Klar Entwicklung hin oder her. Aber mal "Butter bei die Fische" Teure Sachen sind oft subjektiv gut weil sie teuer sind und nicht weil sie möglichst hochwertige teure Materialen verwenden. Bzw bei ner Angel wird eben Kohlefaser benutzt und die Hersteller können da keine Quantensprünge machen wenn alle dieselben Kenntnisse haben :m
Dennoch die Rute für n Fuffi ist Top, Titansic Ringe, Fuji Rollenhalter, Ultraschlanker Blank, sehr edler Korkgriff. 200GR Gesamtgewicht. Für mich optimal und daher bei dem Preis meine Empfehlung für andere "unschlüssige suchende"


----------



## Ramsay1985 (19. Februar 2013)

*AW: Meerforellenrute Empfehlung*



Tino schrieb:


> Na das nenn ich mal ne High End Verar...e ! ! !
> 
> Von 220€ auf nen Fuffi.
> 
> ...



Die 220€ sind wohl nur ein Aufhänger in diversen Onlineshops kostet die Rute immer um die 130€. Was nicht wirklich was zur Sache ansonsten ist es echt ein Schnäppchen


----------



## Allrounder27 (19. Februar 2013)

*AW: Meerforellenrute Empfehlung*

Der genannte Laden macht das immer so. Die kommen manchmal zu angeblichen Preisen, da kannst du nur lachen wenn du den Werbeflyer durchliesst.

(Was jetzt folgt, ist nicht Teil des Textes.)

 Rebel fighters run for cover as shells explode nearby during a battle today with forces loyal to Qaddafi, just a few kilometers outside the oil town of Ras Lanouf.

Scheinen die UVP noch mal 2 zu nehmen...


----------



## dorschjaeger75 (21. Februar 2013)

*AW: Meerforellenrute Empfehlung*



Allrounder27 schrieb:


> Der genannte Laden macht das immer so. Die kommen manchmal zu angeblichen Preisen, da kannst du nur lachen wenn du den Werbeflyer durchliesst. Scheinen die UVP noch mal 2 zu nehmen...


 
Obwohl ich sagen muss, das sich die utopischen "von/auf" Preise, sich bei denen im letzten halben Jahr echt zum positiven bzw. realitätsnäher enwickelt haben finde ich. Zumindest im Flyer.
Ich denke mal, das die Penzill wohl durchaus ne UVP von 220 gehabt haben könnte. Das die das auch so an der Rute ausgezeichnet haben, was noch aus der Utopi-Werbepreis-Ära stammt. Diese Reduzierungen sieht man bei denen eigentlich nur noch bei "älterer" Lagerware. Bei "frischen" Sachen ist die Preisgegenüberstellung durchaus realistischer.


----------



## Mardie (25. Februar 2013)

*AW: Meerforellenrute Empfehlung*

Ich glaube nicht das die 3,35 10-50g als zweiteilige für 50€ angeboten wird.
Sie war mal im Angebot für 100€.
Wenn doch dann haste sehr viel Glück.


----------



## Dingsens (25. Februar 2013)

*AW: Meerforellenrute Empfehlung*

Wa??? Er hat sie doch schon gekauft.!! #q
Und zwar als 3,05m Version! Wat'n Posting!! #d


----------



## Falkfish (25. Februar 2013)

*AW: Meerforellenrute Empfehlung*

Jop es handelt sich um ein ausgelaufenes Modell halt in 3,05m. Für den Preis trotzdem ein Schnäppchen. Hab mir die letzten beiden grad gegönnt  
Die aktuellen Modelle in 3,35m kosten 109€. 
MfG


----------